**Prompt**
Could every line of the listing be output exactly, with the pictures skipped?

**Source data**
BEGIN

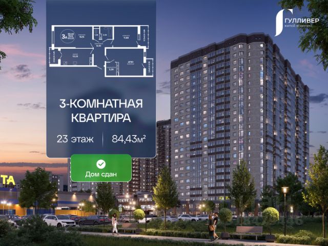 Просторная 3-комнатная квартира в ЖК "Гулливер" — продуманное решение для семьи, где есть место для каждого и всё создано для комфортной жизни. Такой формат идеально подходит для семей с детьми или тех, кто ценит пространство, удобство и функциональность. О квартире: 1 Полноценная 3-комнатная планировка — удобно для жизни всей семьи; 2 Изолированные комнаты — личное пространство для каждого; 3 Просторная кухня — можно реализовать формат кухни-гостиной; 4 Панорамные окна — больше света и ощущение объема; 5 Продуманная прихожая — место под хранение; 6 Возможность гибко организовать пространство под ваши задачи. Площадь: 90.3 м² Этаж: 23 Вид из окон: на ул. Российская и во двор Акции и бонусы: — Семейная ипотека 3,5% на весь срок. — Платеж от 26 942 ₽/мес. — Квартиры от 99 000 ₽/м² (ограниченное количество). О нас: Мы — "Екатеринодар Инвест Строй". Создаем современные жилые комплексы, где важны не только квадратные метры, но и качество жизни. — Используем проверенные технологии строительства; — Работаем с качественными материалами; — Продумываем каждый элемент — от фасадов до дворов; — Формируем комфортную и безопасную среду для жителей. Среда проживания: ЖК "Гулливер" — это не просто дом, а полноценное пространство для жизни в городе. Закрытая территория для жителей; Двор без машин — безопасно и спокойно; Двухуровневое решение: паркинг + благоустроенный двор; Озеленение, зоны отдыха и прогулочные маршруты; Детские площадки и спортивные зоны; Коммерция на первых этажах — всё рядом с домом. Качество строительства: — Монолитно-кирпичная технология; — Центральные коммуникации; — Установлены надежные радиаторы отопления; — Индивидуальные приборы учета; — Современные инженерные решения. Расположение: Улица Российская — удобная транспортная артерия; До центра города — около 15 минут; Быстрый доступ в любые районы; Рядом трамвайная линия. Все для жизни рядом: — Детские сады и школы поблизости; — Учебные заведения; — Поликлиники и медицинские центры; — Гипермаркет "Лента" в 50 м.; — Парки и зоны отдыха. Оставьте заявку или напишите нам — подберем планировку, рассчитаем ипотеку и предложим лучшие условия. Точные расчеты производятся на примере конкретных квартир и зависят от банковских программ. Информацию о ценах и наличии уточняйте у нашего отдела продаж. *Рендеры носят иллюстративный характер и демонстрируют возможный вариант оформления квартиры, не являясь ремонтом от застройщика.
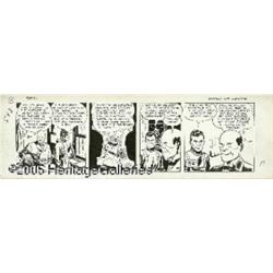 <B>Milton Caniff - Terry and the Pirates Daily Comic Strip Original Art, dated 3-29-41 (Chicago Tribune, 1941).</B></I> More suspenseful drama from the dean of action-adventure cartooning. Caniff can render every character who appears in his strips from any angle and still keep their features consistent; his draftsmanship was always superlative. The image area of the daily is 20" x 6", and the art is in Excellent condition.
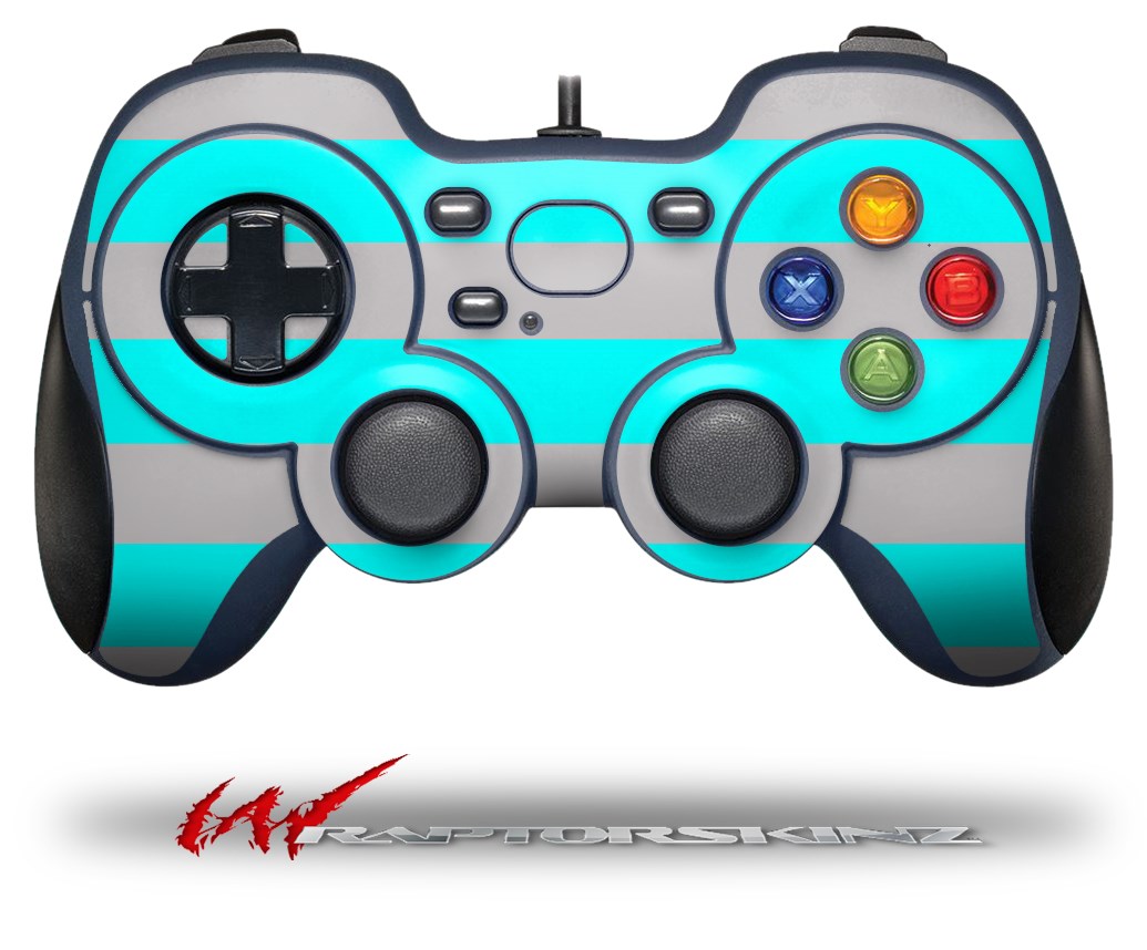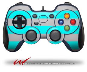 Psycho Stripes Neon Teal and Gray - Decal Style Skin fits Logitech F310 Gamepad Controller (CONTROLLER SOLD SEPARATELY)

END

**Response to this task**
 Просторная 3-комнатная квартира в ЖК "Гулливер" — продуманное решение для семьи, где есть место для каждого и всё создано для комфортной жизни. Такой формат идеально подходит для семей с детьми или тех, кто ценит пространство, удобство и функциональность. О квартире: 1 Полноценная 3-комнатная планировка — удобно для жизни всей семьи; 2 Изолированные комнаты — личное пространство для каждого; 3 Просторная кухня — можно реализовать формат кухни-гостиной; 4 Панорамные окна — больше света и ощущение объема; 5 Продуманная прихожая — место под хранение; 6 Возможность гибко организовать пространство под ваши задачи. Площадь: 90.3 м² Этаж: 23 Вид из окон: на ул. Российская и во двор Акции и бонусы: — Семейная ипотека 3,5% на весь срок. — Платеж от 26 942 ₽/мес. — Квартиры от 99 000 ₽/м² (ограниченное количество). О нас: Мы — "Екатеринодар Инвест Строй". Создаем современные жилые комплексы, где важны не только квадратные метры, но и качество жизни. — Используем проверенные технологии строительства; — Работаем с качественными материалами; — Продумываем каждый элемент — от фасадов до дворов; — Формируем комфортную и безопасную среду для жителей. Среда проживания: ЖК "Гулливер" — это не просто дом, а полноценное пространство для жизни в городе. Закрытая территория для жителей; Двор без машин — безопасно и спокойно; Двухуровневое решение: паркинг + благоустроенный двор; Озеленение, зоны отдыха и прогулочные маршруты; Детские площадки и спортивные зоны; Коммерция на первых этажах — всё рядом с домом. Качество строительства: — Монолитно-кирпичная технология; — Центральные коммуникации; — Установлены надежные радиаторы отопления; — Индивидуальные приборы учета; — Современные инженерные решения. Расположение: Улица Российская — удобная транспортная артерия; До центра города — около 15 минут; Быстрый доступ в любые районы; Рядом трамвайная линия. Все для жизни рядом: — Детские сады и школы поблизости; — Учебные заведения; — Поликлиники и медицинские центры; — Гипермаркет "Лента" в 50 м.; — Парки и зоны отдыха. Оставьте заявку или напишите нам — подберем планировку, рассчитаем ипотеку и предложим лучшие условия. Точные расчеты производятся на примере конкретных квартир и зависят от банковских программ. Информацию о ценах и наличии уточняйте у нашего отдела продаж. *Рендеры носят иллюстративный характер и демонстрируют возможный вариант оформления квартиры, не являясь ремонтом от застройщика.
 <B>Milton Caniff - Terry and the Pirates Daily Comic Strip Original Art, dated 3-29-41 (Chicago Tribune, 1941).</B></I> More suspenseful drama from the dean of action-adventure cartooning. Caniff can render every character who appears in his strips from any angle and still keep their features consistent; his draftsmanship was always superlative. The image area of the daily is 20" x 6", and the art is in Excellent condition.
 Psycho Stripes Neon Teal and Gray - Decal Style Skin fits Logitech F310 Gamepad Controller (CONTROLLER SOLD SEPARATELY)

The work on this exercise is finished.